The reply must contain exactly the lines below from the one with "除了全新梦想家,新奢纯电SU" down to the one with "Continuing South on", both included, and nothing more; please omit the pictures.
START Working data
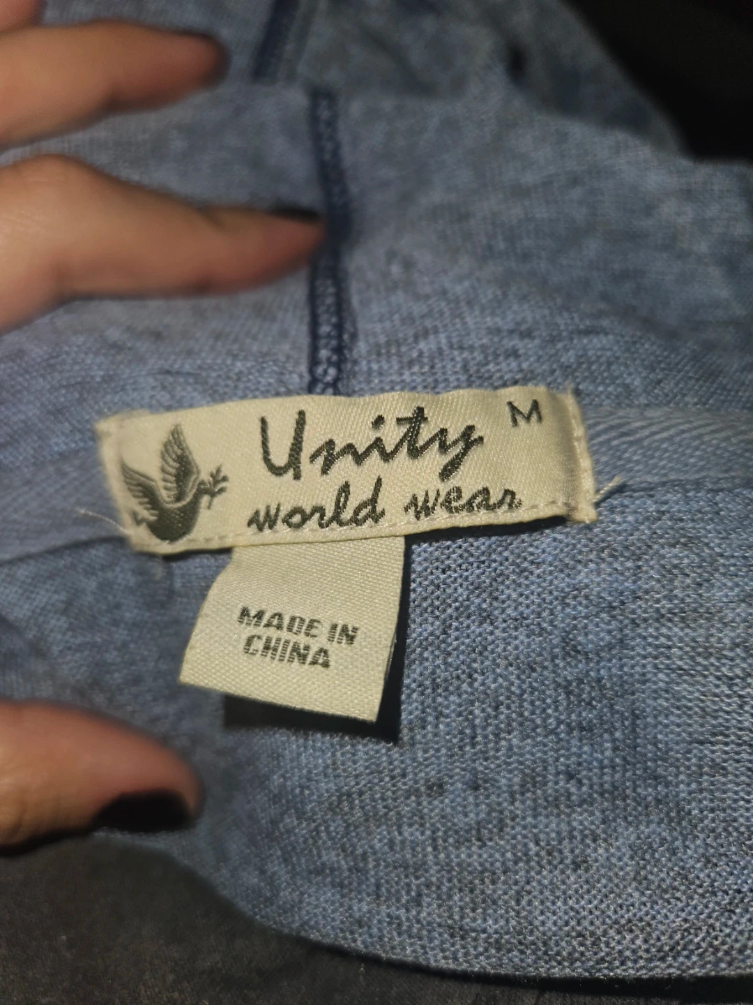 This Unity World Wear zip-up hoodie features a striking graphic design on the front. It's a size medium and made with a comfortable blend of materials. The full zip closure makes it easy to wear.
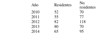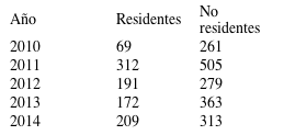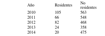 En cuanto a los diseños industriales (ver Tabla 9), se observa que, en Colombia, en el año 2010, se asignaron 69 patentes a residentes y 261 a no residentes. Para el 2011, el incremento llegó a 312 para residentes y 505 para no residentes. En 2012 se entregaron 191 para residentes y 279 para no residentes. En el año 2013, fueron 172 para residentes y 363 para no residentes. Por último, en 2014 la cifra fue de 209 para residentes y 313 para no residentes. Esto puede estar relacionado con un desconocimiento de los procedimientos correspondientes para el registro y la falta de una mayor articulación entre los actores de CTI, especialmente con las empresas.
END Working data
START Working data
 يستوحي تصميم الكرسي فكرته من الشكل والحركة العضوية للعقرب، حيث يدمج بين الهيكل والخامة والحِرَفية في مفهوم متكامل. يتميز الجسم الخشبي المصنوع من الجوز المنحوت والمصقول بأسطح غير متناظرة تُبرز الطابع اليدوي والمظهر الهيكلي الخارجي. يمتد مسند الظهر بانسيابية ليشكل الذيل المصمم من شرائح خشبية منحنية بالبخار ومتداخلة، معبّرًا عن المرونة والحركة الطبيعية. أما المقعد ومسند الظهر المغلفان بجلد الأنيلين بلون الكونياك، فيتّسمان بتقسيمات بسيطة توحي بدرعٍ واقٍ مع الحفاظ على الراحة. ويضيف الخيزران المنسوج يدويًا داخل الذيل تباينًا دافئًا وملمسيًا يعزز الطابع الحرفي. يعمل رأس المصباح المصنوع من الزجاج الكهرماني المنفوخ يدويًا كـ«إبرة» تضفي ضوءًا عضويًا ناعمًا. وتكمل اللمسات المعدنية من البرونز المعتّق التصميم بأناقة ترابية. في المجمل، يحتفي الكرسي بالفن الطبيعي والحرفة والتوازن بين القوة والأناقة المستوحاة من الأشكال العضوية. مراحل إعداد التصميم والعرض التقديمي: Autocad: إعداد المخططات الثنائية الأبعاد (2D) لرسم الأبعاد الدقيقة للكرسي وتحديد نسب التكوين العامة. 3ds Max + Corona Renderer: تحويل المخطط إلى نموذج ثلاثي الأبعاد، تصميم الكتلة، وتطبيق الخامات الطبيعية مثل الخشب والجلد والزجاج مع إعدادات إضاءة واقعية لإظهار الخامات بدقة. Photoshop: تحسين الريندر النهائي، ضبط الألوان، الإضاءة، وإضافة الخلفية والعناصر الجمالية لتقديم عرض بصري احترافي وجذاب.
END Working data
START Working data
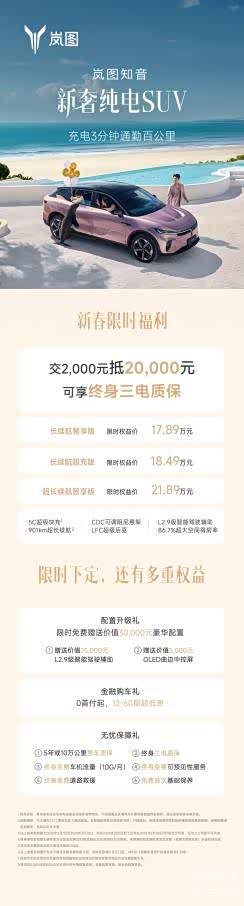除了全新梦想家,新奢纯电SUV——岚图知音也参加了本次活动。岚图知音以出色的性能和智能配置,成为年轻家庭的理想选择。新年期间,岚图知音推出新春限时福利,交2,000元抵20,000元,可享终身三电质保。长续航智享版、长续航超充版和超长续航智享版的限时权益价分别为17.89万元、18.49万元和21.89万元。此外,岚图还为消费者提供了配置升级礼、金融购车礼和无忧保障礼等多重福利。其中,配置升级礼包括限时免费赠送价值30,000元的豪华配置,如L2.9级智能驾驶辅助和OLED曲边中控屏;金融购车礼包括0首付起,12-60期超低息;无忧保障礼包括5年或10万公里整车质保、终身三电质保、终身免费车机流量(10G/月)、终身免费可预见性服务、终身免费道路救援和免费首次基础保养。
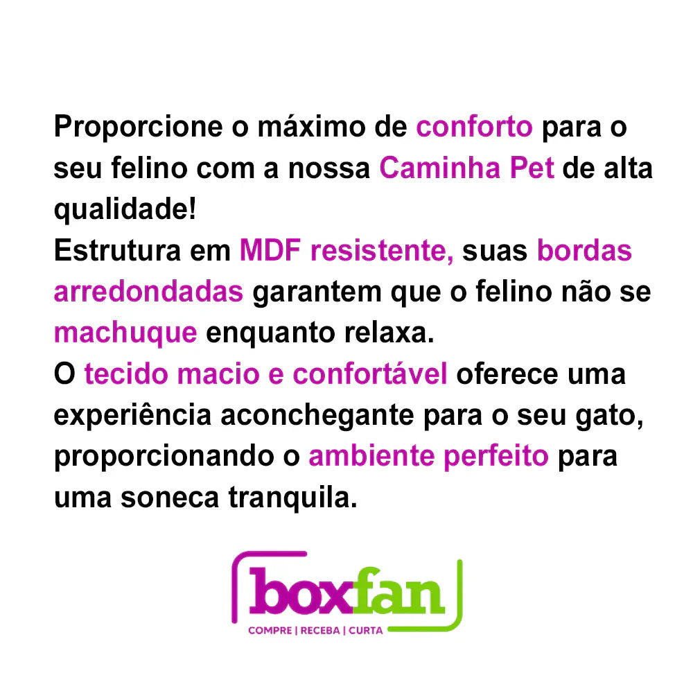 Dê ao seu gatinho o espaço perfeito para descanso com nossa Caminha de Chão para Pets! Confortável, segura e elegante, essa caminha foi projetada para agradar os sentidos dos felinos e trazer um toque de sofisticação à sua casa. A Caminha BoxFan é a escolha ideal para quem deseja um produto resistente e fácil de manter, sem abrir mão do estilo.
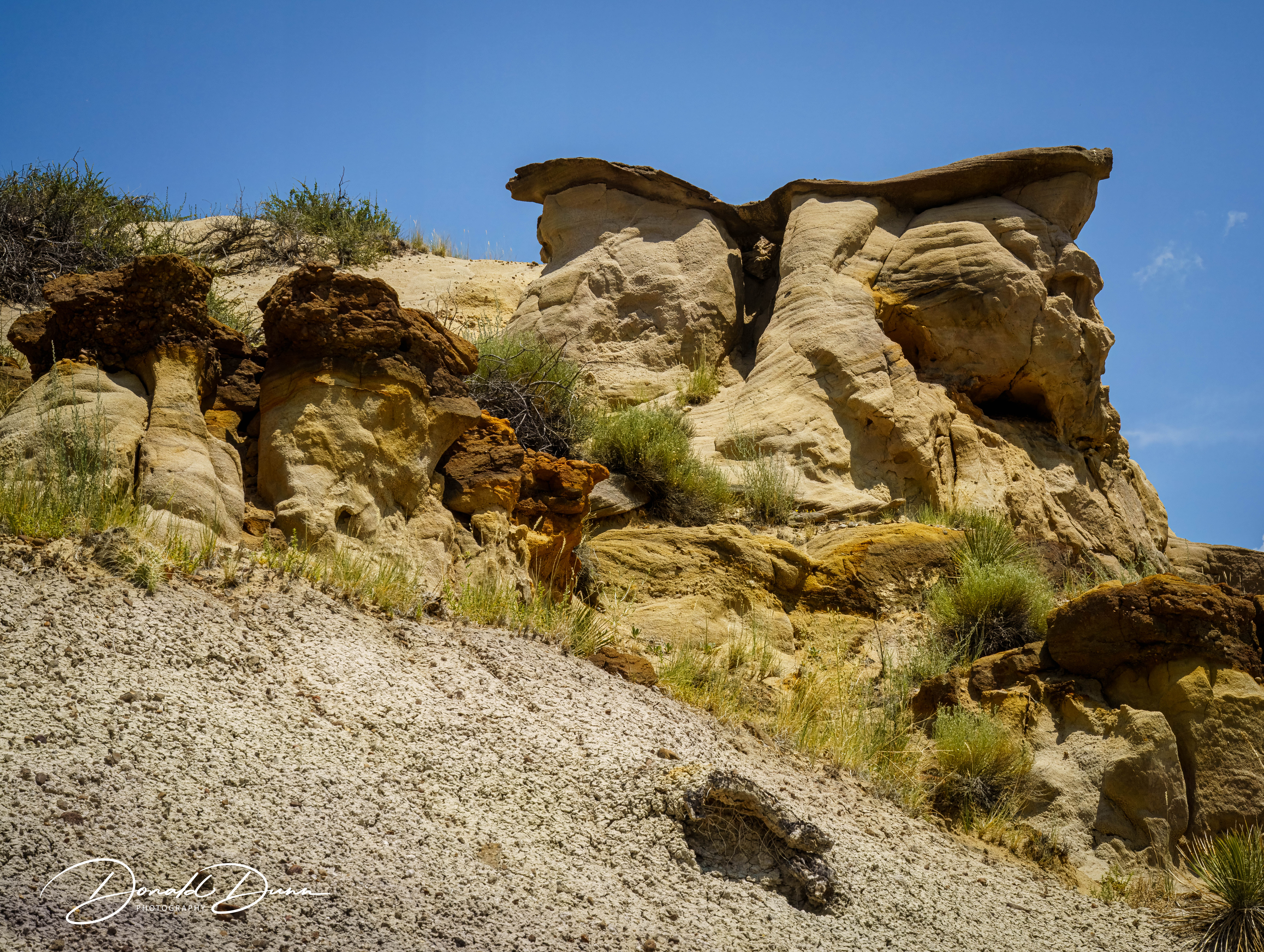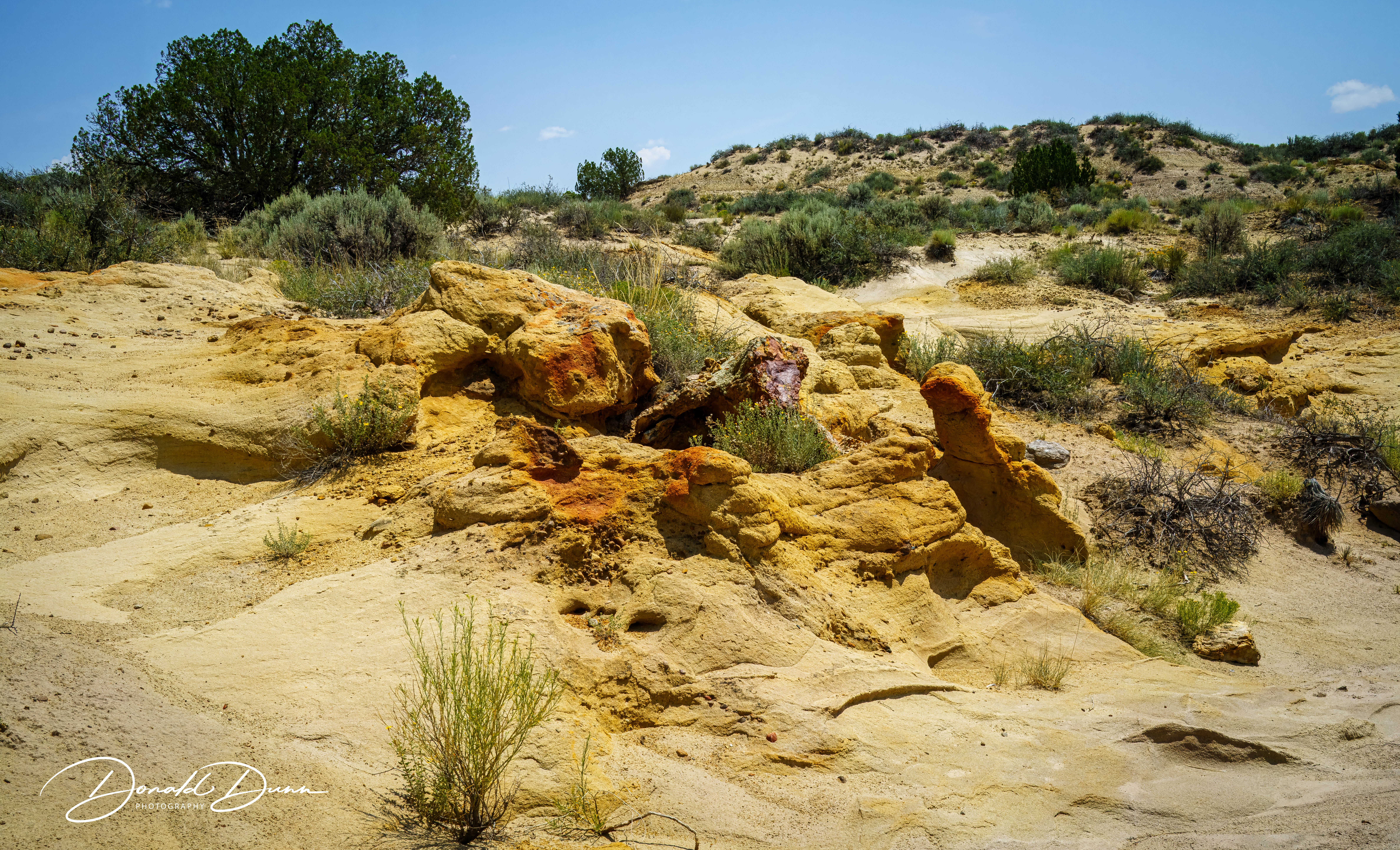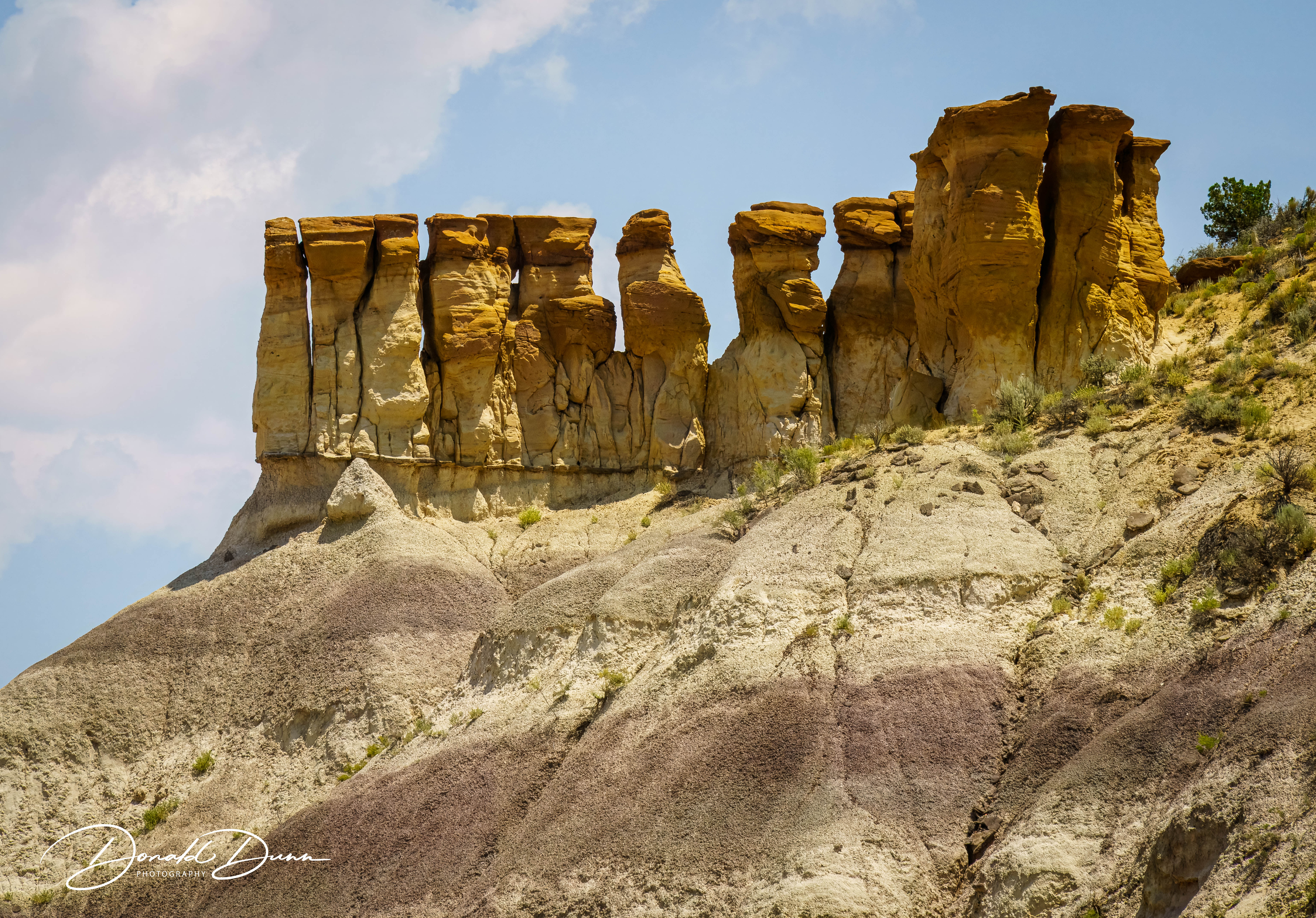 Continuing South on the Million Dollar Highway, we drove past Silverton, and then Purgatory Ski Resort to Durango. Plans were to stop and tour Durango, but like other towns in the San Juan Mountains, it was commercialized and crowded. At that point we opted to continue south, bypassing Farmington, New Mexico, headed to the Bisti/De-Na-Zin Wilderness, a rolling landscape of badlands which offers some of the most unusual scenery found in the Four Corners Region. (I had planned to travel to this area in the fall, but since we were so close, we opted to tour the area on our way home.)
END Working data
_Solution_.
除了全新梦想家,新奢纯电SUV——岚图知音也参加了本次活动。岚图知音以出色的性能和智能配置,成为年轻家庭的理想选择。新年期间,岚图知音推出新春限时福利,交2,000元抵20,000元,可享终身三电质保。长续航智享版、长续航超充版和超长续航智享版的限时权益价分别为17.89万元、18.49万元和21.89万元。此外,岚图还为消费者提供了配置升级礼、金融购车礼和无忧保障礼等多重福利。其中,配置升级礼包括限时免费赠送价值30,000元的豪华配置,如L2.9级智能驾驶辅助和OLED曲边中控屏;金融购车礼包括0首付起,12-60期超低息;无忧保障礼包括5年或10万公里整车质保、终身三电质保、终身免费车机流量(10G/月)、终身免费可预见性服务、终身免费道路救援和免费首次基础保养。
 Dê ao seu gatinho o espaço perfeito para descanso com nossa Caminha de Chão para Pets! Confortável, segura e elegante, essa caminha foi projetada para agradar os sentidos dos felinos e trazer um toque de sofisticação à sua casa. A Caminha BoxFan é a escolha ideal para quem deseja um produto resistente e fácil de manter, sem abrir mão do estilo.
 Continuing South on the Million Dollar Highway, we drove past Silverton, and then Purgatory Ski Resort to Durango. Plans were to stop and tour Durango, but like other towns in the San Juan Mountains, it was commercialized and crowded. At that point we opted to continue south, bypassing Farmington, New Mexico, headed to the Bisti/De-Na-Zin Wilderness, a rolling landscape of badlands which offers some of the most unusual scenery found in the Four Corners Region. (I had planned to travel to this area in the fall, but since we were so close, we opted to tour the area on our way home.)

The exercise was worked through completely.